# Exercise aim:
Exactly reproduce the lines from the line bearing "Starting from Brunone" through the end of the listing, inclusive of both; pictures are to be omitted.

# Information provided:
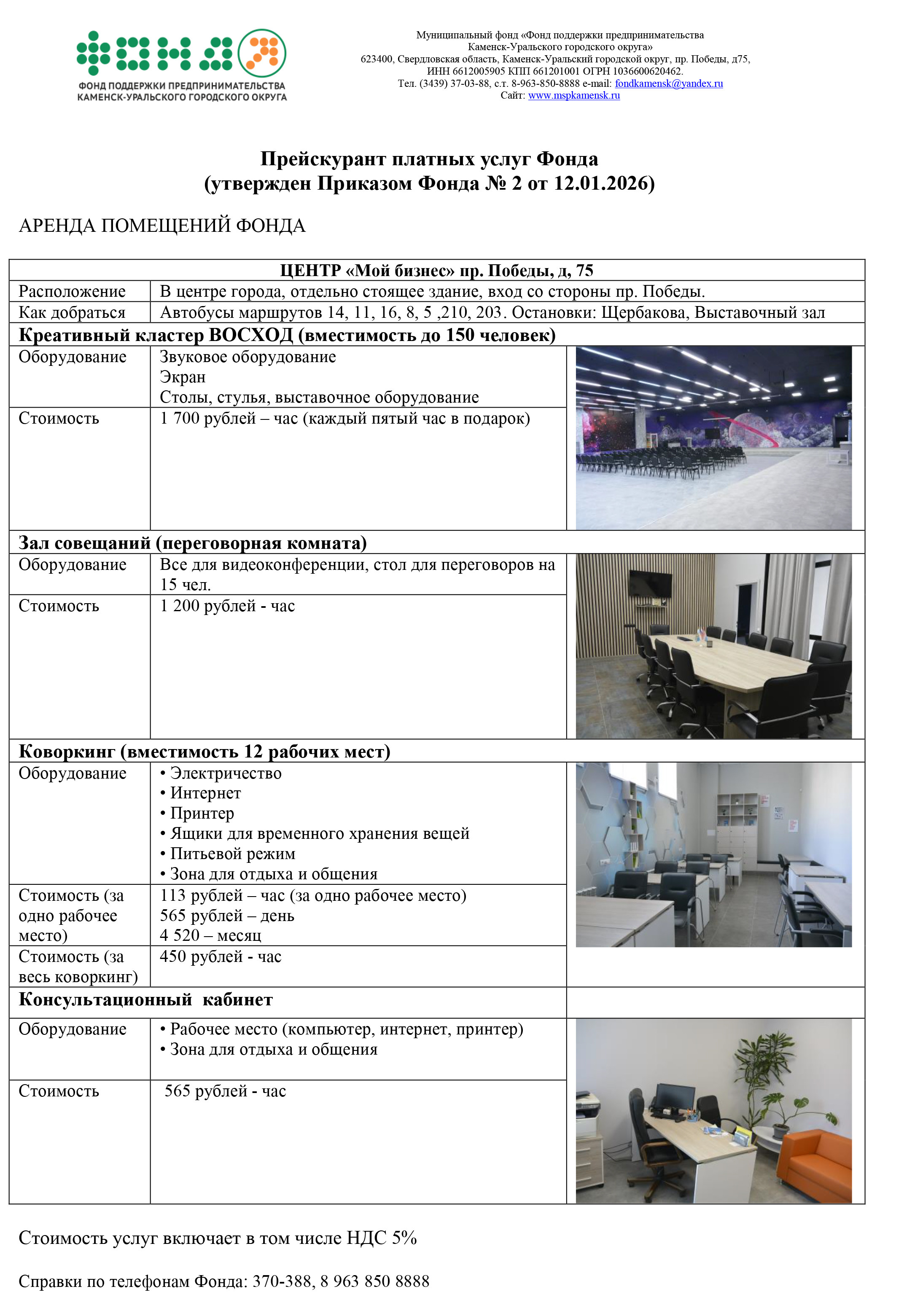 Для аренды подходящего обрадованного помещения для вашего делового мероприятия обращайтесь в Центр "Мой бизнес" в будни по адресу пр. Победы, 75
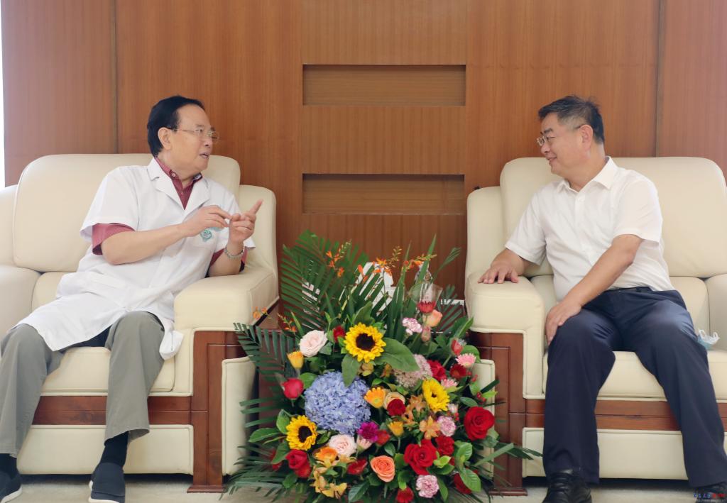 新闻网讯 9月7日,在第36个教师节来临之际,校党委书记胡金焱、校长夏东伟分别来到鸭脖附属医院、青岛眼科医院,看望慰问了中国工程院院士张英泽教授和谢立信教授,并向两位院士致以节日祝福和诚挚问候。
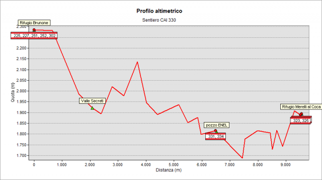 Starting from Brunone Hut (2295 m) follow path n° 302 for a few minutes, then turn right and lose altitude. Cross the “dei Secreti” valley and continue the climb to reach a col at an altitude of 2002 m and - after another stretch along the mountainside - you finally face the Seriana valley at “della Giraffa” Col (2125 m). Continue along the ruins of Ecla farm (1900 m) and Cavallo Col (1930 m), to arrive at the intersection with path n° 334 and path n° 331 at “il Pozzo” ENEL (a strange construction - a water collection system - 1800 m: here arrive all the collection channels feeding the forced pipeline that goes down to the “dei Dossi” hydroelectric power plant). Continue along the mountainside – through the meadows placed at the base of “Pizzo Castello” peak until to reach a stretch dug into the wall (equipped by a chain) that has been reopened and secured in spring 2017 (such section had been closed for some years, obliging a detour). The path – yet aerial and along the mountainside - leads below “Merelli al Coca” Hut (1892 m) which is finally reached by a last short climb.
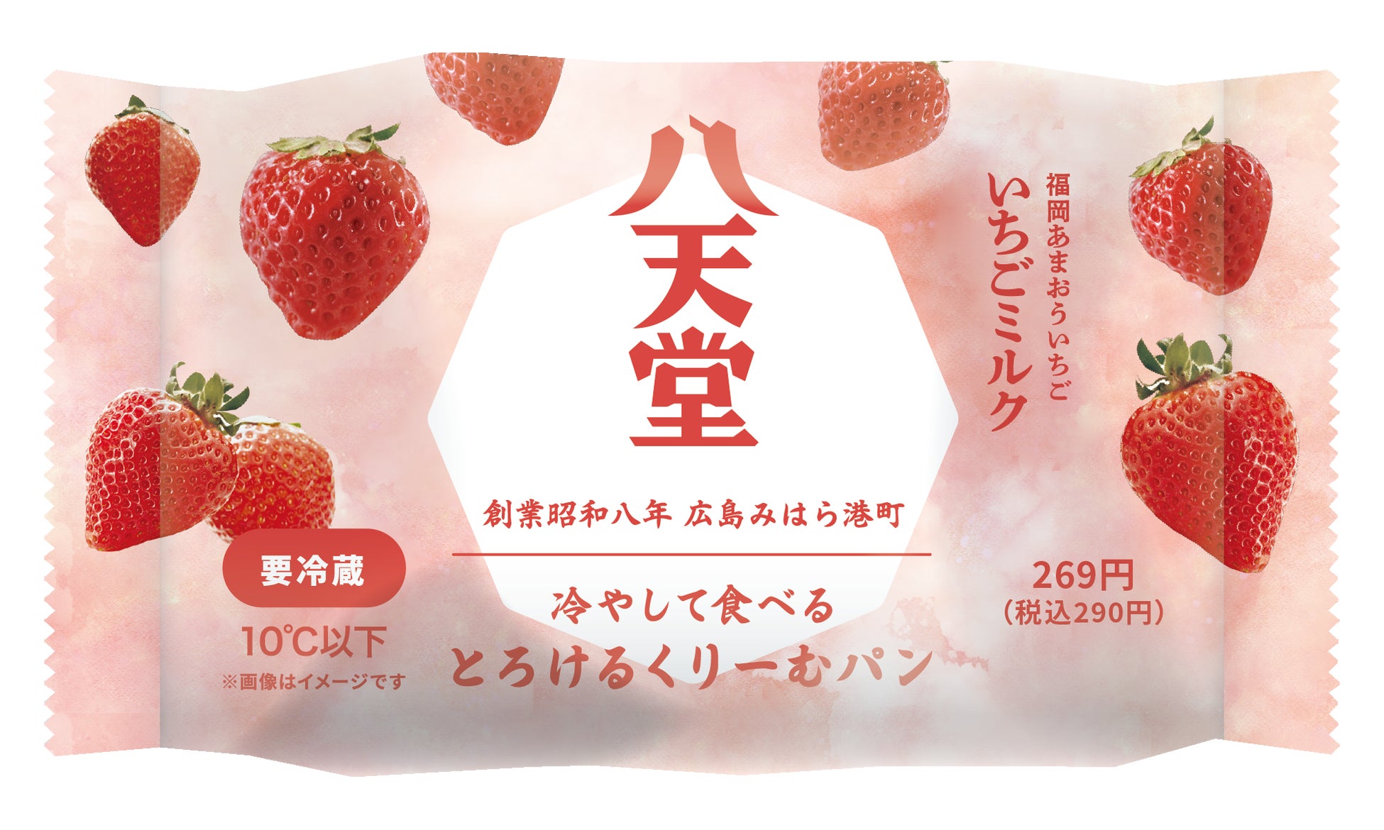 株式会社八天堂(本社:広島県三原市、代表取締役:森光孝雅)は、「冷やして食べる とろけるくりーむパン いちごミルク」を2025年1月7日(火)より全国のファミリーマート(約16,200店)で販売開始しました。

# Result for this task:
 Starting from Brunone Hut (2295 m) follow path n° 302 for a few minutes, then turn right and lose altitude. Cross the “dei Secreti” valley and continue the climb to reach a col at an altitude of 2002 m and - after another stretch along the mountainside - you finally face the Seriana valley at “della Giraffa” Col (2125 m). Continue along the ruins of Ecla farm (1900 m) and Cavallo Col (1930 m), to arrive at the intersection with path n° 334 and path n° 331 at “il Pozzo” ENEL (a strange construction - a water collection system - 1800 m: here arrive all the collection channels feeding the forced pipeline that goes down to the “dei Dossi” hydroelectric power plant). Continue along the mountainside – through the meadows placed at the base of “Pizzo Castello” peak until to reach a stretch dug into the wall (equipped by a chain) that has been reopened and secured in spring 2017 (such section had been closed for some years, obliging a detour). The path – yet aerial and along the mountainside - leads below “Merelli al Coca” Hut (1892 m) which is finally reached by a last short climb.
 株式会社八天堂(本社:広島県三原市、代表取締役:森光孝雅)は、「冷やして食べる とろけるくりーむパン いちごミルク」を2025年1月7日(火)より全国のファミリーマート(約16,200店)で販売開始しました。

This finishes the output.